→ REQUIRED ACTION
Scan the data for "handelt" and copy each matching line.

→ Items listed in a dataset
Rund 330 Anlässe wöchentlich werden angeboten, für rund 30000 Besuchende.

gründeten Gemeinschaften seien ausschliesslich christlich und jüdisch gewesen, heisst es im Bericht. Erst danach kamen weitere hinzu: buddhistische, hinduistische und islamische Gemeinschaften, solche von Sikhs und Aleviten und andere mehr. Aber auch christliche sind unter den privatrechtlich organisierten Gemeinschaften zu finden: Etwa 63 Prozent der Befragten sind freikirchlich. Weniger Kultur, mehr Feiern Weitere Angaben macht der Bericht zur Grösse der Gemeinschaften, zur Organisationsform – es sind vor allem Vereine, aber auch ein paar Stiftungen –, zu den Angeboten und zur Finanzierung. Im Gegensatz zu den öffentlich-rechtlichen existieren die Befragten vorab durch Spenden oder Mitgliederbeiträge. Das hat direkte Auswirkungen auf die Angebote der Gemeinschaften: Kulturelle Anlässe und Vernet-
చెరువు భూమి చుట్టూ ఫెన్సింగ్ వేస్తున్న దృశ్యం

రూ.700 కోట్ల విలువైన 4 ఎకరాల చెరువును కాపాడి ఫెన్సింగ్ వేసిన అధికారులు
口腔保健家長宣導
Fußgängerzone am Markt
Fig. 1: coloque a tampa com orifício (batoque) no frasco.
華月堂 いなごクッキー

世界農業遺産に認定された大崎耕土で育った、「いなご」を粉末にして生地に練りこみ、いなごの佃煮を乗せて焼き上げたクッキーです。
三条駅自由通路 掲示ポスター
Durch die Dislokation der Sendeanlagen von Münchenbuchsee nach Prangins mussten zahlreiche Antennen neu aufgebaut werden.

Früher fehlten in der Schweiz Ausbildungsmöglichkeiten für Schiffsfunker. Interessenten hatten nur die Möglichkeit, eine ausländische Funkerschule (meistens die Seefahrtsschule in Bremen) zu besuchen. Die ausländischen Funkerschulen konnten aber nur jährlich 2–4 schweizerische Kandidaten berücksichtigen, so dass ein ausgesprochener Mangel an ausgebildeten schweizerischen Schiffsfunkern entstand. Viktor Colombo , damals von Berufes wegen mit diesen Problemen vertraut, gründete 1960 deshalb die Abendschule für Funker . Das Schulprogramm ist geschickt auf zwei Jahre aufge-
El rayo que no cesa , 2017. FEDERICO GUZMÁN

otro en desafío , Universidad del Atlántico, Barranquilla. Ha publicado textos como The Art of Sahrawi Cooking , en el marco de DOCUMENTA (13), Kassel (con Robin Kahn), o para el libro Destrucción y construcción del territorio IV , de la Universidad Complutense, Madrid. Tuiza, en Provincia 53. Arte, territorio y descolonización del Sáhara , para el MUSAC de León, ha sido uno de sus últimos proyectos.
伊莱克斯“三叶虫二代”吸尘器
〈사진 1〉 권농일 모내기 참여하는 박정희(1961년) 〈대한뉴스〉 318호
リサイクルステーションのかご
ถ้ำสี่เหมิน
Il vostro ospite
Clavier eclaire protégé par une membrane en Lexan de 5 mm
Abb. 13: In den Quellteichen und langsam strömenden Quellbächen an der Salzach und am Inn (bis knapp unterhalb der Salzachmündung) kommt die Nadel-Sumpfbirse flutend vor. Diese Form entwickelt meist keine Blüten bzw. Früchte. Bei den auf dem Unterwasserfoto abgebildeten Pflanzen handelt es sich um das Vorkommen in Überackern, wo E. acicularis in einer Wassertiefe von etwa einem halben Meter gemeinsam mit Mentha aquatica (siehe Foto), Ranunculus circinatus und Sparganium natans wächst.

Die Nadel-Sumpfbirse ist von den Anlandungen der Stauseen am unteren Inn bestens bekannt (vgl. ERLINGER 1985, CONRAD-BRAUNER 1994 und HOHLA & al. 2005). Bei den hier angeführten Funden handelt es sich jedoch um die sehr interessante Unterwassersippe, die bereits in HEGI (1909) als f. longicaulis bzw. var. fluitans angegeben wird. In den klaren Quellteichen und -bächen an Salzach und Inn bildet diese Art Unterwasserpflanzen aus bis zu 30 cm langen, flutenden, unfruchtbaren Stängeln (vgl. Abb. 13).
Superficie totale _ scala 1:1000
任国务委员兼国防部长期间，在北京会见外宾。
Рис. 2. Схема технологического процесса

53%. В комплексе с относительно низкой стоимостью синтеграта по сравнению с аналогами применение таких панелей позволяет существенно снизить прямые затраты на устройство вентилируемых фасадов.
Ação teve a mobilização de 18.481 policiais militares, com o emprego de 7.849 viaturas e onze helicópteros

→ RESULT FOR THIS TASK
Abb. 13: In den Quellteichen und langsam strömenden Quellbächen an der Salzach und am Inn (bis knapp unterhalb der Salzachmündung) kommt die Nadel-Sumpfbirse flutend vor. Diese Form entwickelt meist keine Blüten bzw. Früchte. Bei den auf dem Unterwasserfoto abgebildeten Pflanzen handelt es sich um das Vorkommen in Überackern, wo E. acicularis in einer Wassertiefe von etwa einem halben Meter gemeinsam mit Mentha aquatica (siehe Foto), Ranunculus circinatus und Sparganium natans wächst.
Die Nadel-Sumpfbirse ist von den Anlandungen der Stauseen am unteren Inn bestens bekannt (vgl. ERLINGER 1985, CONRAD-BRAUNER 1994 und HOHLA & al. 2005). Bei den hier angeführten Funden handelt es sich jedoch um die sehr interessante Unterwassersippe, die bereits in HEGI (1909) als f. longicaulis bzw. var. fluitans angegeben wird. In den klaren Quellteichen und -bächen an Salzach und Inn bildet diese Art Unterwasserpflanzen aus bis zu 30 cm langen, flutenden, unfruchtbaren Stängeln (vgl. Abb. 13).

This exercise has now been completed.